HA Kubernetes Clusters on AWS with Cluster API v1alpha3

Published on 26 Mar 2020 · Filed in Explanation · 996 words (estimated 5 minutes to read)

A few weeks ago, I published a post on HA Kubernetes clusters on AWS with Cluster API v1alpha2. That post was itself a follow-up to a post I wrote in September 2019 on setting up HA clusters using Cluster API v1alpha1. In this post, I’ll follow up on both of those posts with a look at setting up HA Kubernetes clusters on AWS using Cluster API v1alpha3. Although this post is similar to the v1alpha2 post, be aware there are some notable changes in v1alpha3, particularly with regard to the control plane.

If you’re not yet familiar with Cluster API, take a look at this high-level overview I wrote in August 2019. That post will provide an explanation of the project’s goals as well as provide some terminology.

In this post, I won’t discuss the process of establishing a management cluster; I’m assuming your Cluster API management cluster is already up and running. (I do have some articles in the content pipeline that discuss creating a management cluster.) Instead, this post will focus on creating a highly-available workload cluster. By “highly available,” I mean a cluster with multiple control plane nodes that are distributed across multiple availability zones (AZs). Please read the “Disclaimer” section at the bottom for some caveats with regard to availability.

Prerequisites

As mentioned above, this post assumes you already have a functional Cluster API management cluster. This post also assumes you have already installed the kubectl binary, and that you’ve configured kubectl to access your management cluster.

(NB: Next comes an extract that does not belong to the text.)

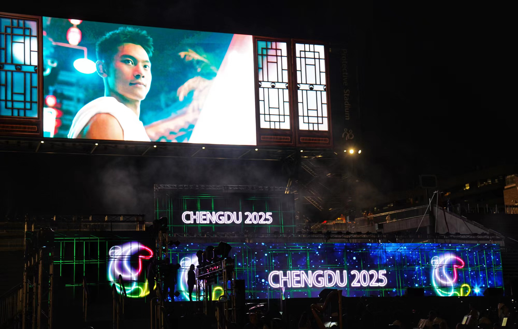 當晚,在暖場表演、入場儀式、嘉賓致辭等環節後,閉幕式迎來接旗儀式和「成都時間」文藝展示。在接旗儀式環節,國際世界運動會協會會旗從美國伯明翰交接到中國成都。隨後,成都作為下一屆世界運動會舉辦城市,呈現了精彩的「成都時間」大型展演。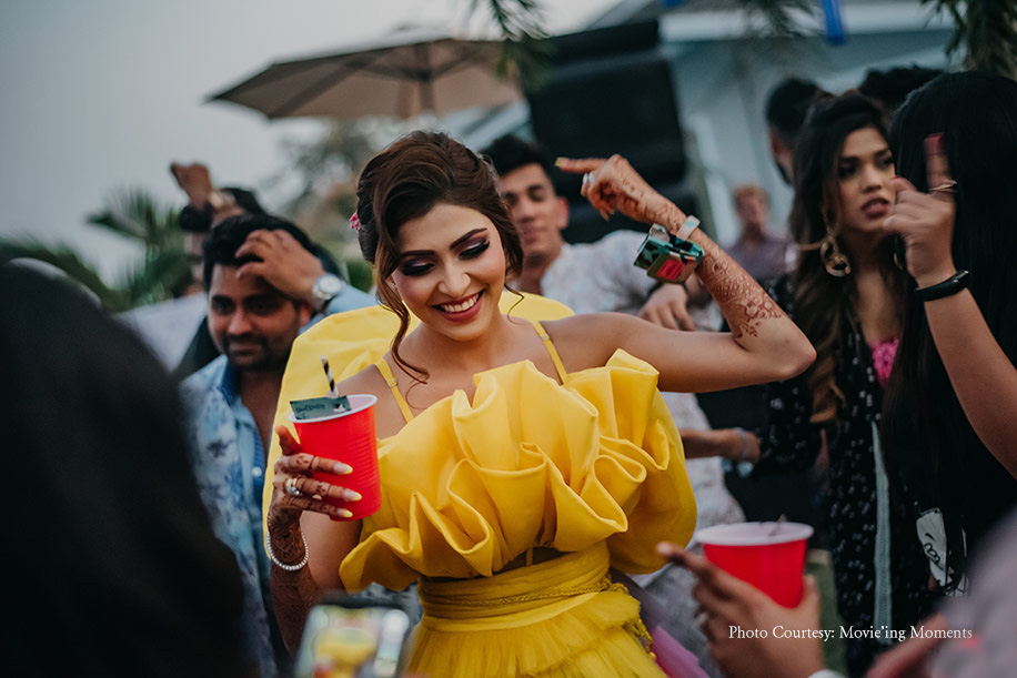 The wedding celebrations kicked off with the ring exchange ceremony, followed by the sangeet. Instead of the regular lehenga, Divya opted for a contemporary white and yellow gown by Dolly J Studio that featured striking patterns splashed across in dark grey. Her glittering jewelry and matte makeup completed her look for the evening.

As a side note, I highly recommend some sort of solution that shows you the current Kubernetes context in your shell prompt. I prefer powerline-go, but choose/use whatever works best for you.

Crafting Manifests for High Availability

The Cluster API manifests require two basic changes in order to be able to deploy a highly-available cluster:

The AWSCluster object needs to be modified to include information on how to create subnets across multiple AZs.
The manifests for worker nodes need to be modified to include AZ information.

You’ll note that I didn’t mention anything about the control plane above—that’s because v1alpha3 introduces a new mechanism for managing the control plane of workload clusters. This new mechanism, the KubeadmControlPlane object, is smart enough in this release to automatically distribute control plane nodes across multiple AZs when they are present. (Nice, right?)

The next two sections will provide more details on the changes listed above.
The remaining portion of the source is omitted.